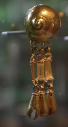 La métallurgie n'est apparue en Mésoamérique que vers 800 apr. J.-C., vraisemblablement dans l'ouest du Mexique[14]. Comme en Amérique du Sud, les objets fabriqués étaient surtout destinés aux élites ; la couleur du métal tout comme ses qualités acoustiques ont en premier attiré l'intérêt des individus, suscitant ainsi l'adoption de son usage[14],[15].
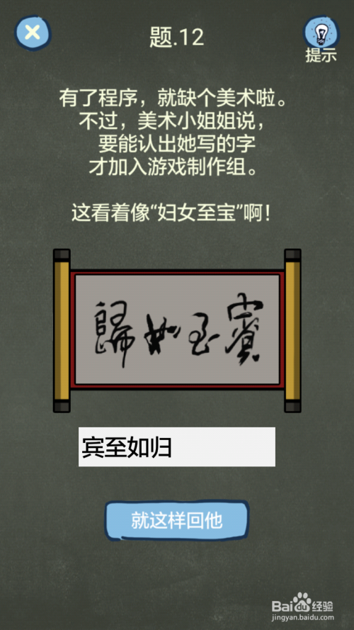 第12关输入宾至如归然后点击就如许回他就过关了。
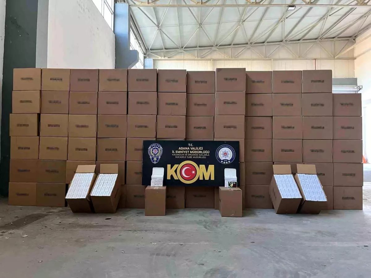 Adana’da 5 milyon TL değerinde 8 milyon kaçak makaron ele geçirildi, 2 şüpheli gözaltına alındı.
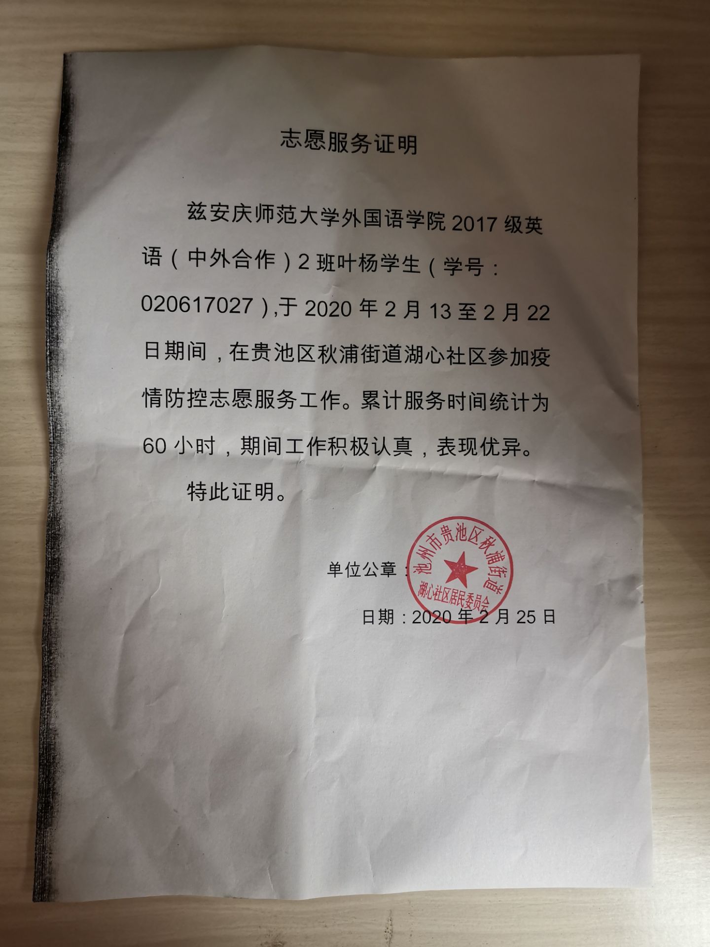 响应村干部号召,2019级商务英语专业的张灵志愿参与防疫工作。在2月15-16日于黄山市休宁县霞阜村桥头协助基层干部进行出入人员登记和车辆登记、搭建帐篷、分发口罩和协助整理政府文件等工作。张灵是第一次参加社会志愿服务活动,他表示:“很累但是很自豪,身为一名老员工,一名入党积极分子,在国家有困难的时候站出来,尽自己的一份绵薄之力是我的职责。”
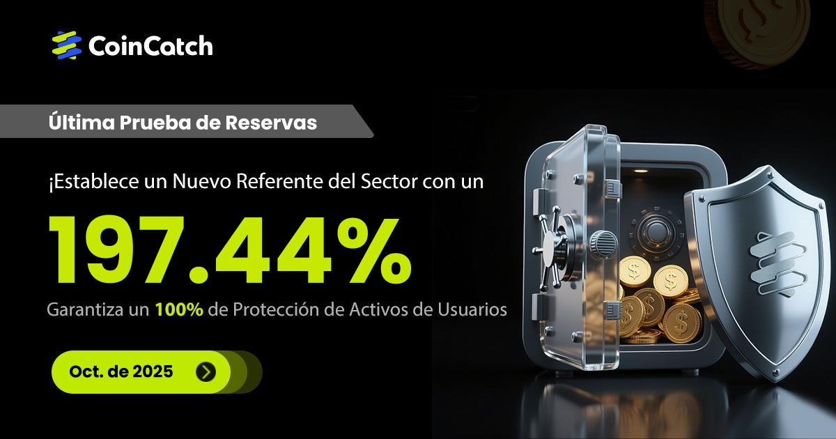 CoinCatch ha finalizado con éxito la actualización de su Prueba de Reservas (PoR) para Octubre de 2025. Al 9 de Octubre de 2025, el ratio de reservas total de CoinCatch se situaba en el 197.44%. El desglose más reciente del ratio de reservas se detalla a continuación:
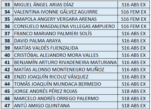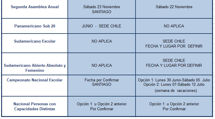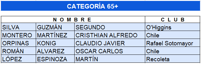 (*) Para el derecho a representación Oficial, los deportistas deberán cumplir requisito mínimo de partidas y estar presentes en una cantidad a definir de sesiones de entrenamiento a distancia y/o presencial. Ambos requisitos se definirán en el mes de febrero y se darán a conocer a los deportistas.
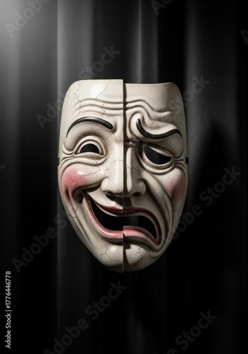 Half Face Mask Representing Joy and Sadness Against Dark Curtain Background
☆ ☆ ☆ ☆ ☆ ☆ ☆
* [Your task]: Nothing but the lines from the first line of the listing above to the line containing "CoinCatch ha finalizado" should appear in the answer, each one exact and with no pictures.

* [Solution for this task]:
 La métallurgie n'est apparue en Mésoamérique que vers 800 apr. J.-C., vraisemblablement dans l'ouest du Mexique[14]. Comme en Amérique du Sud, les objets fabriqués étaient surtout destinés aux élites ; la couleur du métal tout comme ses qualités acoustiques ont en premier attiré l'intérêt des individus, suscitant ainsi l'adoption de son usage[14],[15].
 第12关输入宾至如归然后点击就如许回他就过关了。
 Adana’da 5 milyon TL değerinde 8 milyon kaçak makaron ele geçirildi, 2 şüpheli gözaltına alındı.
 响应村干部号召,2019级商务英语专业的张灵志愿参与防疫工作。在2月15-16日于黄山市休宁县霞阜村桥头协助基层干部进行出入人员登记和车辆登记、搭建帐篷、分发口罩和协助整理政府文件等工作。张灵是第一次参加社会志愿服务活动,他表示:“很累但是很自豪,身为一名老员工,一名入党积极分子,在国家有困难的时候站出来,尽自己的一份绵薄之力是我的职责。”
 CoinCatch ha finalizado con éxito la actualización de su Prueba de Reservas (PoR) para Octubre de 2025. Al 9 de Octubre de 2025, el ratio de reservas total de CoinCatch se situaba en el 197.44%. El desglose más reciente del ratio de reservas se detalla a continuación:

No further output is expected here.